Stitcher 3.5 Rendering dialog box.

Other Features
Stitcher 3.5 is as flexible as it is powerful. The user can render their images in many different formats and projection types. Panoramas can be rendered with many different projection types including planar (flat), cubical, cylindrical, and spherical output. Also supported are QTVR (Quicktime), VRML, and Shockwave; all formats are based upon viewing the panoramas in a separate program that allows users to navigate the panorama. Because Stitcher also allows the user to specify "hot spots" in the panorama, it is easy to create panoramas for a variety of uses such as interactive tours. This is the same type of technology currently used to create virtual tours of houses, which is a very popular use for this type of software.

When rendering a panorama the user can specify a variety of parameters. For my large panoramas that I intended to print, I rendered them at their maximum image quality, and largest image size (in pixels). When rendering a Quicktime movie, there are adjustable parameters for quality, size, and other attributes that pertain to that particular file type.
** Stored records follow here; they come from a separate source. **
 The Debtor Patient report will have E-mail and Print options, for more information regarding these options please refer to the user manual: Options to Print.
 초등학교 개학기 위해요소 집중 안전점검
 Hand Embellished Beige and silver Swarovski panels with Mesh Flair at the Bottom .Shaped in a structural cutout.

A nice time saving feature of Stitcher 3.5 is the template feature, which can speed up productivity tremendously. These templates allow the photographer to reuse identical setup and shot parameters from one project to the next. This is where a panoramic pan head is most valuable. It will help ensure that the correct number of shots are taken for the template, and that the overlap of the images is enough to provide a quality stitch.

Summary
Stitcher 3.5 is the most powerful stitching program I've used to date. With its advanced capabilities such as dealing with lens distortion, Stitcher 3.5 can create some very high quality panoramic images. The manual is well written, and also provides some good strategies for picture taking. The ability to save the camera calibration parameters and templates can help automate the process if the user has a consistent workflow.
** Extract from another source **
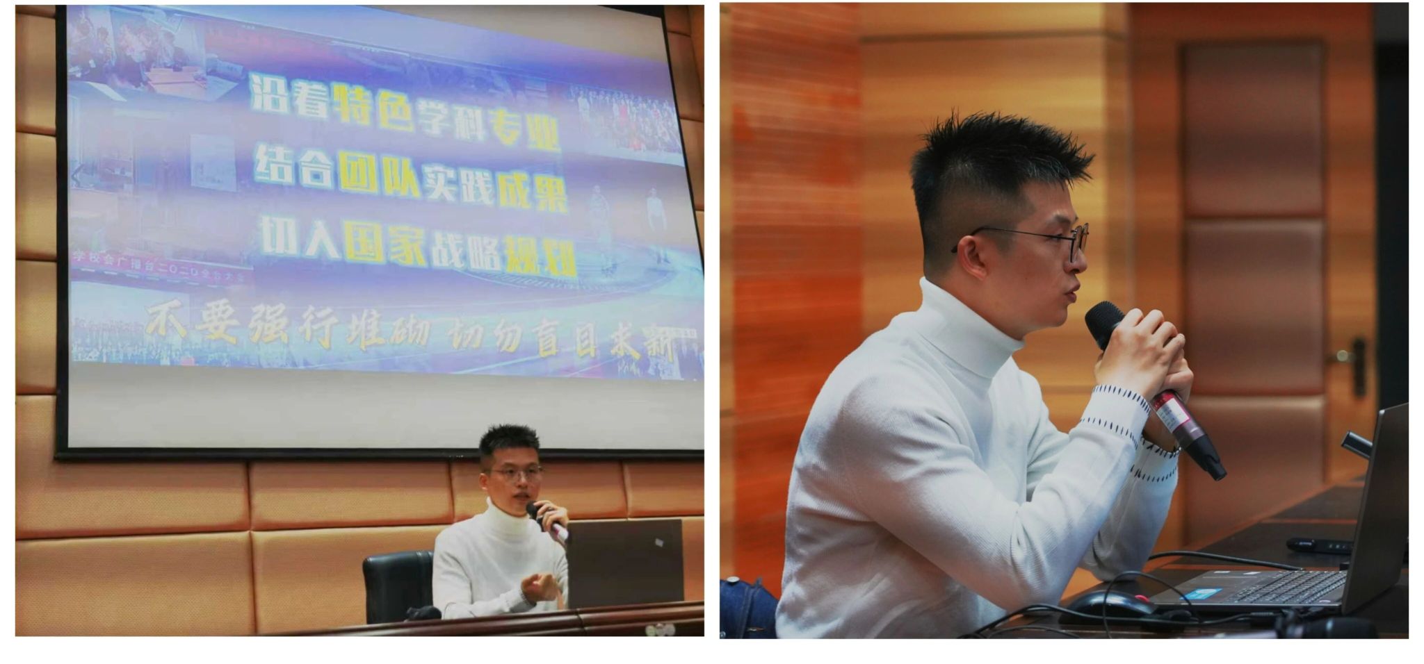 分享会现场气氛热烈,户鹏飞以“创路漫漫其修远 艺术类的创新创业赛事攻略”为题,从不同角度,全方位、多维度地剖析了“双创”竞赛的备赛要点与成功秘籍。在项目选题与培育方面,分享了如何从专业特色和社会需求出发,寻找创新点,将艺术创意与市场需求紧密结合,打造出既有艺术高度又有商业潜力的优质项目。在团队组建与协作方面,一个结构合理、优势互补的团队是成功的基石。结合自身经历,讲述如何凝聚不同专业背景的成员发挥团队效应。在路演展示与答辩技巧方面,通过自身案例,重点分享了现场答辩的应变策略。

Stitcher 3.5 is a professional piece of software, and at $495 it carries a professional price tag. This will put it out of the range for many hobbyists, but based on the performance and results I would say that the program delivers a good value even at the relatively high price. I have not seen a competitive program that offers the comprehensive feature-set Stitcher provides.

It would be proper to warn that rendering a large file takes the majority of the computer's resources. If you have one computer, it is safe to say that the computer will not be usable while a panorama is rendering. Stitcher 3.5 should be of great interest to anyone serious about panoramic photography. A no cost downloadable demo of Stitcher is available at the Realviz web site at www.realviz.com.